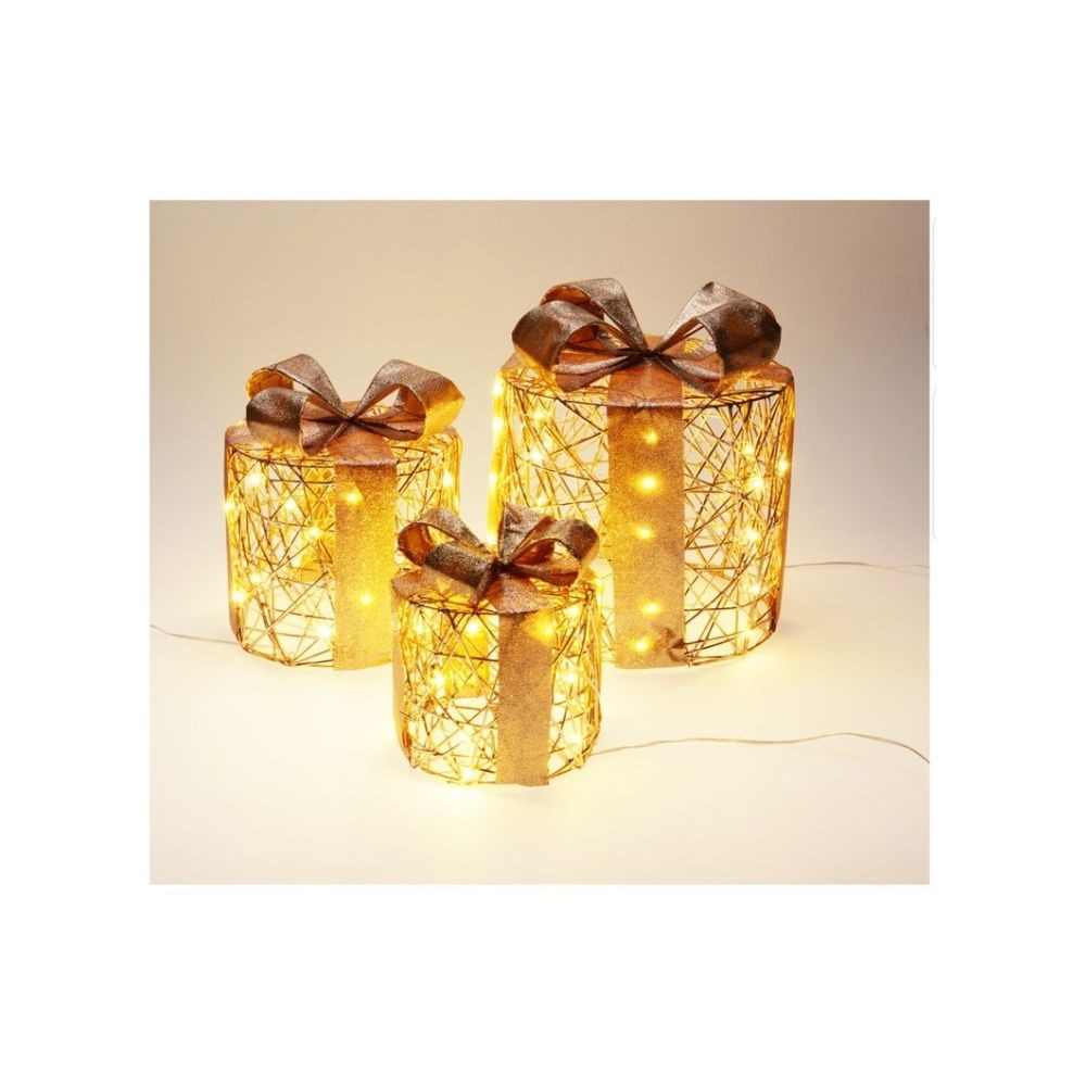Paquet cadeau lumineux cylindrique en métal, comprenant 20 leds blanc chaud, pour un éclat magique. Dimensions : 15 x 15 x 17 cm. Disposé au pied du sapin par exemple, il transforme vos soirées en instants enchantés en attendant Noël. Fonctionne avec 2 piles AA (non incluses). Équipée d'une fonction minuterie pour programmer l'éclairage à la période souhaité durant 6h maximum.
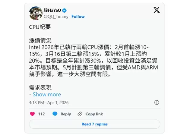 2026年刚开年,消费级CPU市场就迎来了一记重拳。短短三个月内,Intel已经接连落地了两轮涨价。而根据其内部规划,年内还将有第三轮调价在等着消费者。算下来,全年累计涨幅最高可能冲击30%——这个数字,无疑给今年的装机市场投下了一颗重磅冲击波。
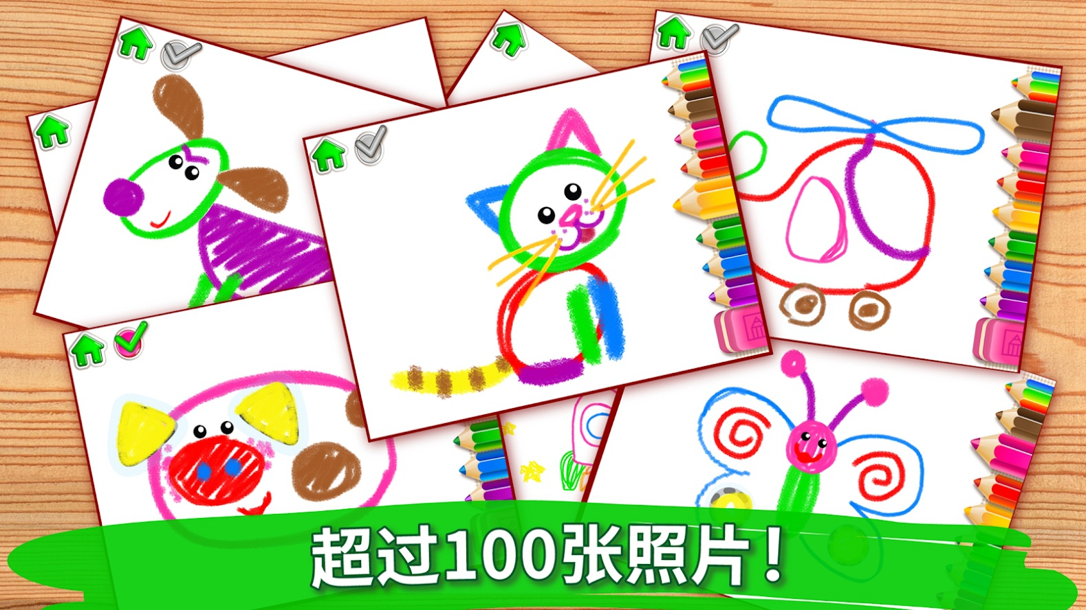 儿童涂涂乐是一个儿童填色和绘画游戏,他们可以与您的家人或朋友分享。图片是宝宝随便拍的。每一幅不同的画都是一个简答创作。开动你的大脑,开始创造吧!
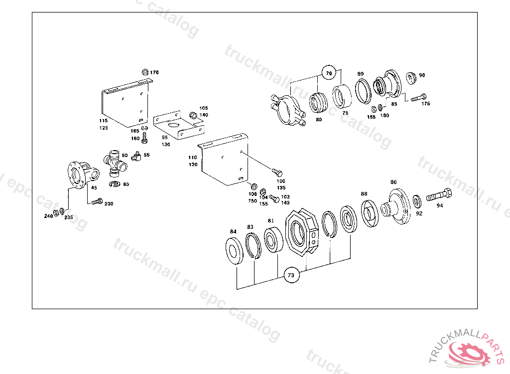 PROTECTIVE CAP FOLLOWER FLANGE, INTERMEDIATE BEARING, BALL BEARING IN RUBBER SEAT
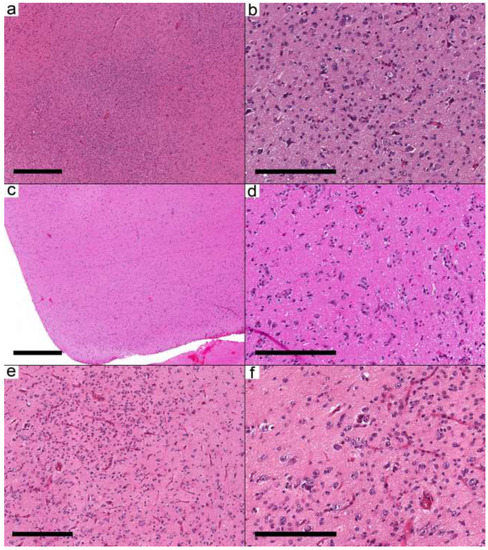 Ganglioglioma with predominant infiltrative pattern. (a–e) Three different cases show similar morphological features. (a,c,e) The cortical areas are involved by a low-moderately cellular neoplasm formed by dysmorphic neurons and oligodendrocyte-like cells. (b,d,f) Oligodendrocyte-like cells are arranged around neurons and blood vessels resembling infiltrative glioma. Cases: (a,b) Case 8; (c,d) Case 9; (e,f) Case 10. Scale bars: 600 µm (a,c); 200 µm (b,d,f); 300 µm (e).
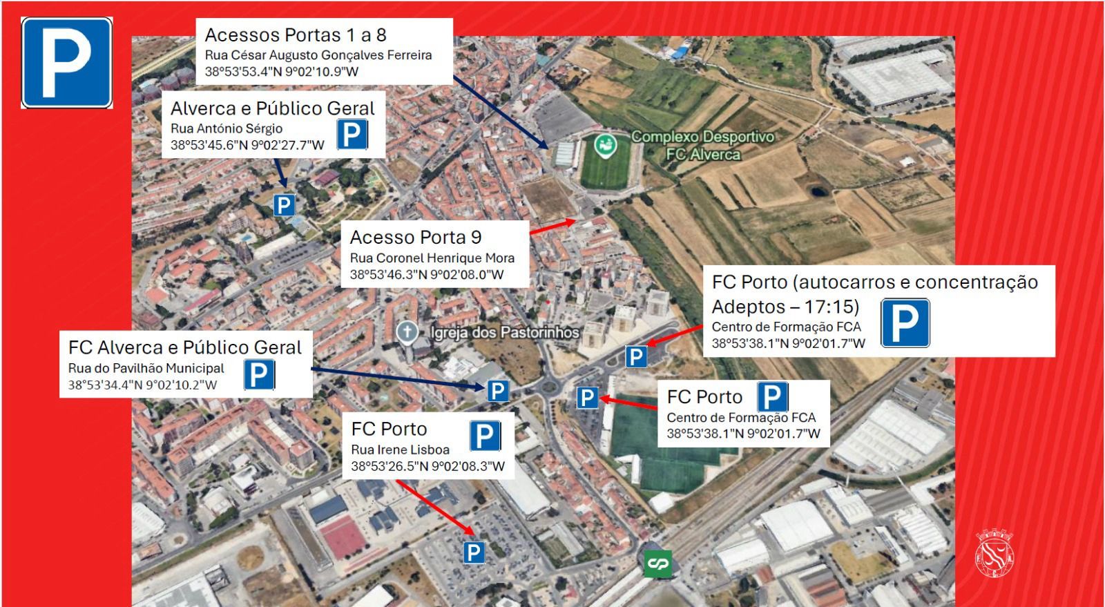 - Existem três parques destinados aos adeptos do FC Porto (ver imagem). Os portistas que viagem em viaturas ligeiras devem estacionar na Rua Irene Lisboa ou no Centro de Formação FCA. Os autocarros dos Grupos Organizados de Adeptos também vão parar neste último local;
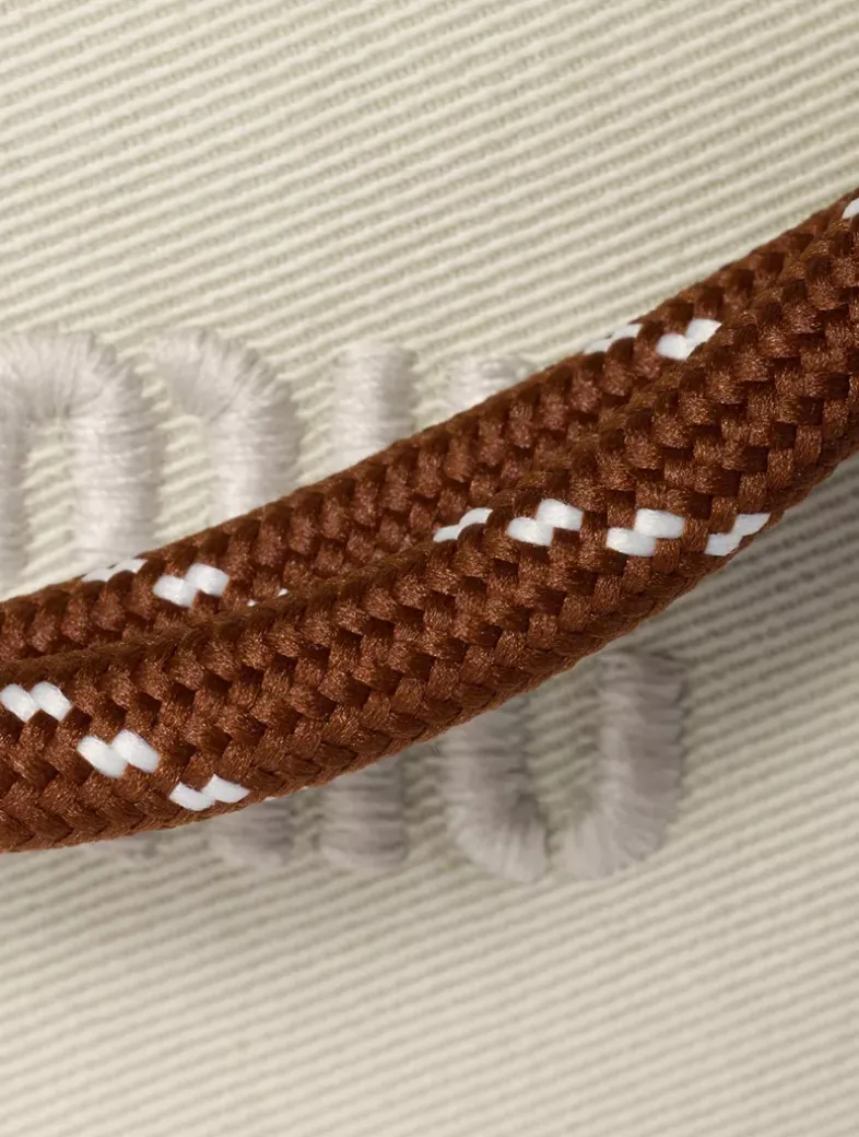 Zipper closure Woven technical tape wristlet with snap-hook Technical fabric lining Embroidered lettering logo

**WORK TO COMPLETE**
Once you have returned the line containing "PROTECTIVE CAP FOLLOWER", stop; begin at the first line of the material, keep each line exact, and skip the pictures.

**ANSWER FOR THE TASK**
Paquet cadeau lumineux cylindrique en métal, comprenant 20 leds blanc chaud, pour un éclat magique. Dimensions : 15 x 15 x 17 cm. Disposé au pied du sapin par exemple, il transforme vos soirées en instants enchantés en attendant Noël. Fonctionne avec 2 piles AA (non incluses). Équipée d'une fonction minuterie pour programmer l'éclairage à la période souhaité durant 6h maximum.
 2026年刚开年,消费级CPU市场就迎来了一记重拳。短短三个月内,Intel已经接连落地了两轮涨价。而根据其内部规划,年内还将有第三轮调价在等着消费者。算下来,全年累计涨幅最高可能冲击30%——这个数字,无疑给今年的装机市场投下了一颗重磅冲击波。
 儿童涂涂乐是一个儿童填色和绘画游戏,他们可以与您的家人或朋友分享。图片是宝宝随便拍的。每一幅不同的画都是一个简答创作。开动你的大脑,开始创造吧!
 PROTECTIVE CAP FOLLOWER FLANGE, INTERMEDIATE BEARING, BALL BEARING IN RUBBER SEAT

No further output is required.